— TASK DESCRIPTION —
Since the listing below shows pictures, leave them out and write out exactly the lines from the line with "マイメロディのぬいぐるみサコ" to the line with "Thiết kế phòng", both included, and no others.
Start of Block
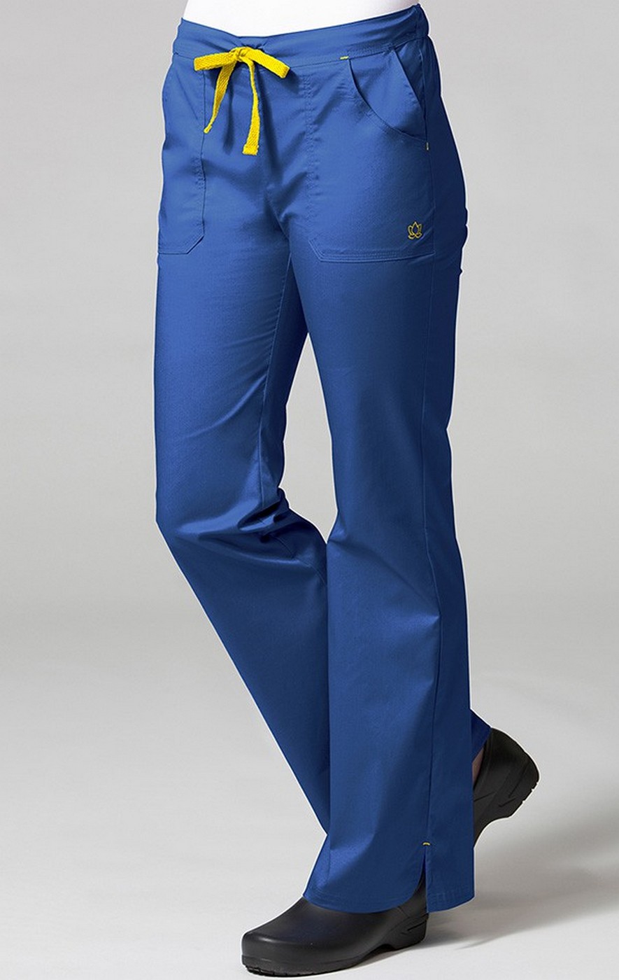 Designed with our signature stretch fabric that is soft to the touch, yet crisp and professional. Fashion flare pant with back elastic waist. Triple stitching at waist and pockets. Four front slash pockets and one back pocket. High quality contrast colored twill tape drawstring. Contrast bartacks at all pressure point. Vented hems for added mobility. SIZES: XS - 2XL. INSEAM: Reg: 31" Petite: 28". FABRIC: 52% Cotton 45% Polyester 3% Spandex.
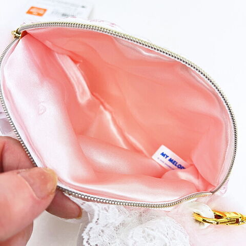 マイメロディのぬいぐるみサコッシュです。マイメロディのバースデーを記念した「トワルドジュイ風」の柄と、淡いピンクの「白イチゴ」をモチーフにしたヴィンテージガーリーなデザインシリーズ♪透け感のあるシフォン素材やオーガンジーフリルが可愛いポイント☆ちょっとしたお出かけにぴったり♪小銭入れなどお財布代わりにも◎ファスナー付きで中身が出る心配もないので安心してお使いいただけます☆彡
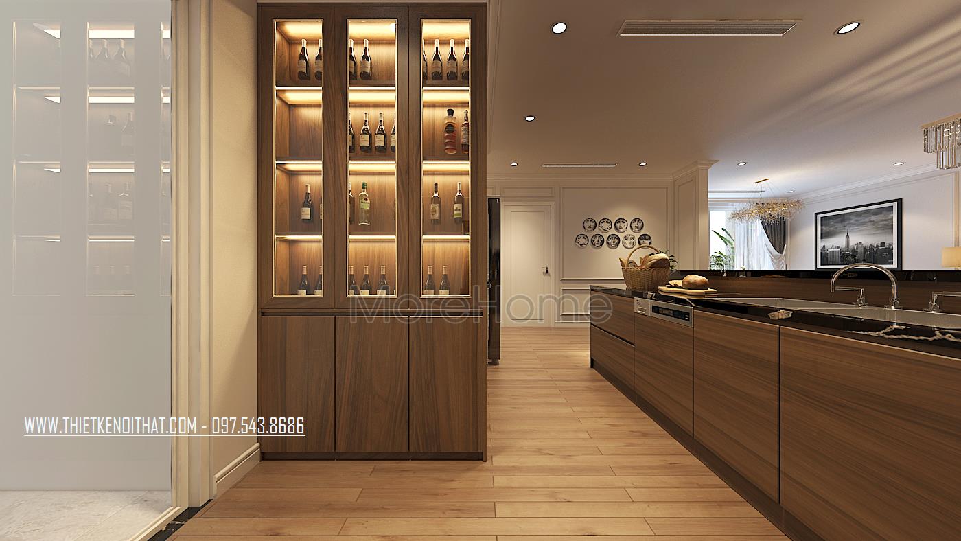 Thiết kế phòng bếp, khu vực dành cho các bà nội trợ được KTS tâm lý thiết kế với diện tích khá lớn. Bếp được thiết kế theo hình chữ L kết hợp với hệ tủ rượu và tủ lạnh. Hệ bàn bếp được bố trí đầy đủ tất cả các công năng cần thiết để phục vụ cho người nội trợ như tủ lạnh, chậu rửa, bếp từ,máy hút mùi, máy rửa bát,…vị trí các thiết bị được KTS bố trí hợp lý tạo sự thuận tiện tối đa cho người nội trợ. Về tính thẩm mỹ và đường nét thiết kế, tủ bếp trên và dưới được KTS sử dụng 2 chất liệu khác nhau tạo sự tách biệt rõ rang về hình khối, mang đến sự khỏe khoắn trong đường nét.
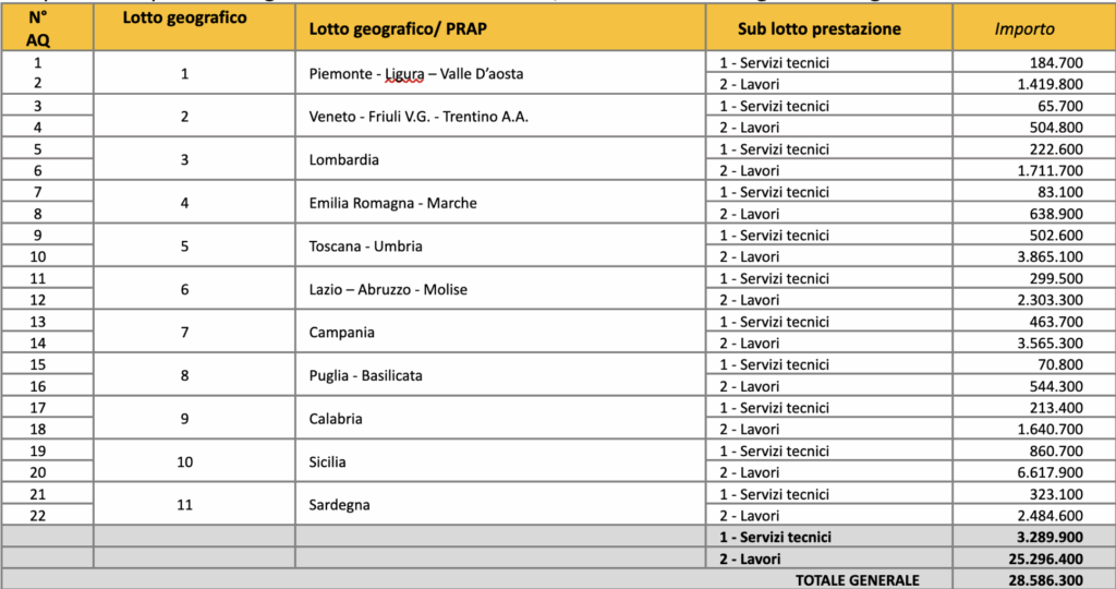 La procedura è articolata in 11 lotti geografici suddivisi in 2 sub-lotti prestazionali aventi ad oggetto servizi tecnici, ovvero servizi di progettazione, direzione lavori e coordinamento della sicurezza in fase di progettazione e di esecuzione (sub-lotto prestazionale 1), e l’esecuzione di lavori (sub-lotto prestazionale 2).
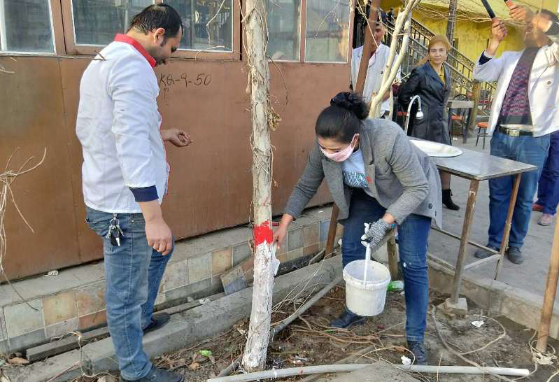 村党支部书记陈志刚、第一书记塔依尔·乃买提,带领着党员、村干部一同去花园村新垦农场路,将路两旁林带内的树木进行刷树护树。活动中,大家带着桶、石灰、刷子等工具分别来到分包路段。两两配合着,一人拿尺子量,一人刷,即使石灰水溅到身上,也丝毫没有影响大家的热情。在大家共同努力下,辖区内所有树木都穿上了白色“新衣”,保护它们能够在春天健康生长。
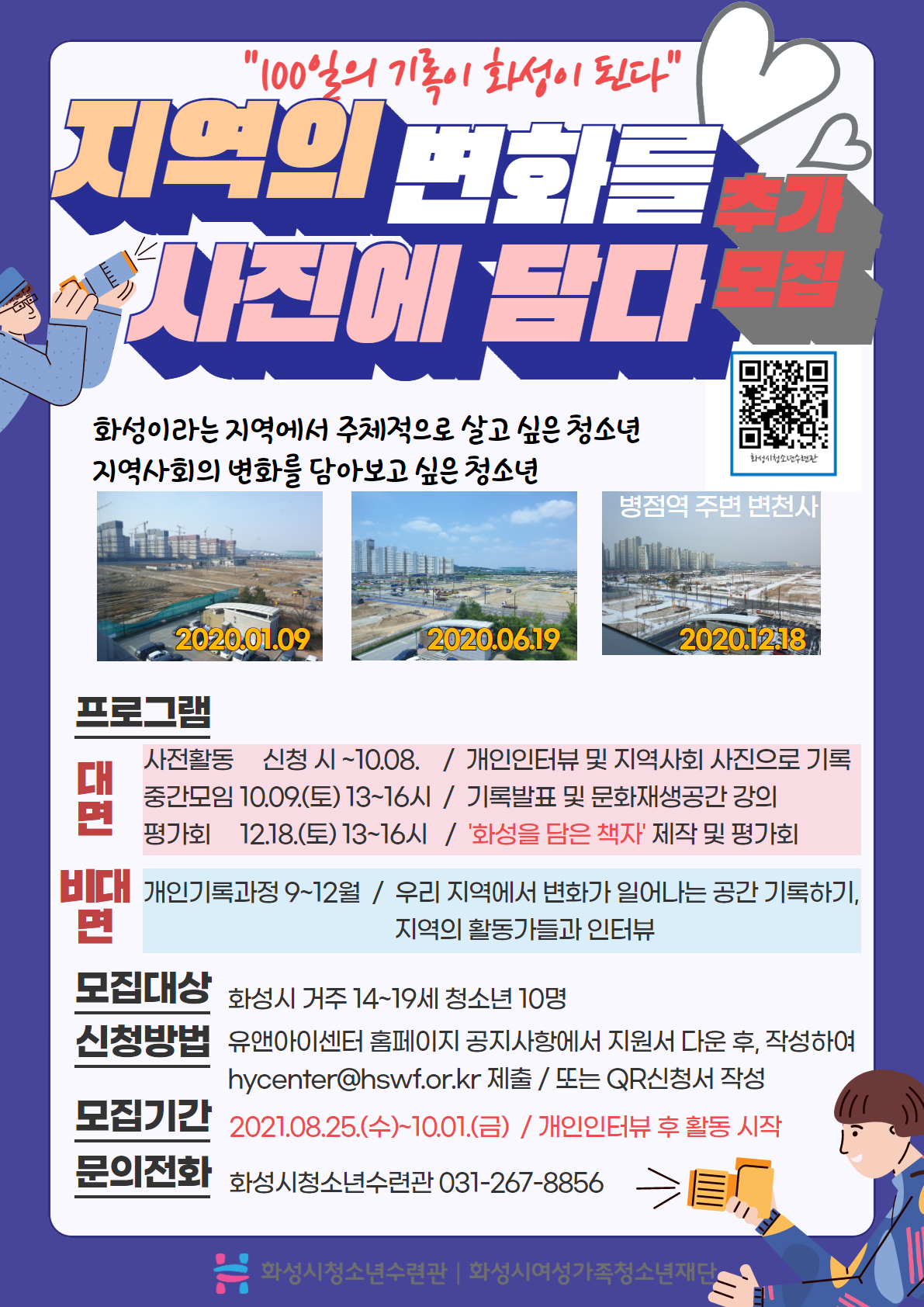 화성시청소년수련관 [지역의 변화를 사진에 담다] 1. 활동내용 ‘지역의 변화를 사진에 담다’ 프로그램은 청소년이 지역사회의 변화를 관찰하고 사진으로 기록하여 청소년이 자신이 둘러싼 환경의 변화가 개인의 삶에 어떤 영향을 주는지 관찰하며, 지역사회의 정주의식을 기르기 위한 프로그램입니다. 첫째, 이 프로그램은 청소년들의 지역사회 참여 프로그램으로 참가비가 없습니다. 둘째, 자신의 지역사회를 충분히 이해하는 시간을 가지며 100일의 프로젝트를 운영합니다. 지역사회 내 전시회 관람, 문화재생공간에 대한 강의, 지역 주민 인터뷰를 통해 지역사회를 이해하는 시간을 충분히 가집니다. 대면모임 3회와 비대면 개인기록과정을 통해 100일간 화성을 기록합니다. 셋째, 자신의 기록물을 결과물로 제작합니다. 본인이 직접 촬영한 사진을 기록하며 100일간 화성을 기록하며, 기록물과 인터뷰내용을 책자로 제작하며, 촬영 한 사진 중 선정하여 사진엽서등 굿즈로 제작하여 화성을 기록하고 결과물을 도출합니다. 2. 활동개요 - 대면 시 집합장소는 화성시청소년수련관(유앤아이센터)입니다. 코로나19로 인해 사회적거리두기에 따라 진행 상황이 변동될 수 있습니다. - 온라인 기록은 네이버 카페를 통해 업로드 진행 예정입니다. - 활동일시 및 내용
End of Block
— EXERCISE RESPONSE —
 マイメロディのぬいぐるみサコッシュです。マイメロディのバースデーを記念した「トワルドジュイ風」の柄と、淡いピンクの「白イチゴ」をモチーフにしたヴィンテージガーリーなデザインシリーズ♪透け感のあるシフォン素材やオーガンジーフリルが可愛いポイント☆ちょっとしたお出かけにぴったり♪小銭入れなどお財布代わりにも◎ファスナー付きで中身が出る心配もないので安心してお使いいただけます☆彡
 Thiết kế phòng bếp, khu vực dành cho các bà nội trợ được KTS tâm lý thiết kế với diện tích khá lớn. Bếp được thiết kế theo hình chữ L kết hợp với hệ tủ rượu và tủ lạnh. Hệ bàn bếp được bố trí đầy đủ tất cả các công năng cần thiết để phục vụ cho người nội trợ như tủ lạnh, chậu rửa, bếp từ,máy hút mùi, máy rửa bát,…vị trí các thiết bị được KTS bố trí hợp lý tạo sự thuận tiện tối đa cho người nội trợ. Về tính thẩm mỹ và đường nét thiết kế, tủ bếp trên và dưới được KTS sử dụng 2 chất liệu khác nhau tạo sự tách biệt rõ rang về hình khối, mang đến sự khỏe khoắn trong đường nét.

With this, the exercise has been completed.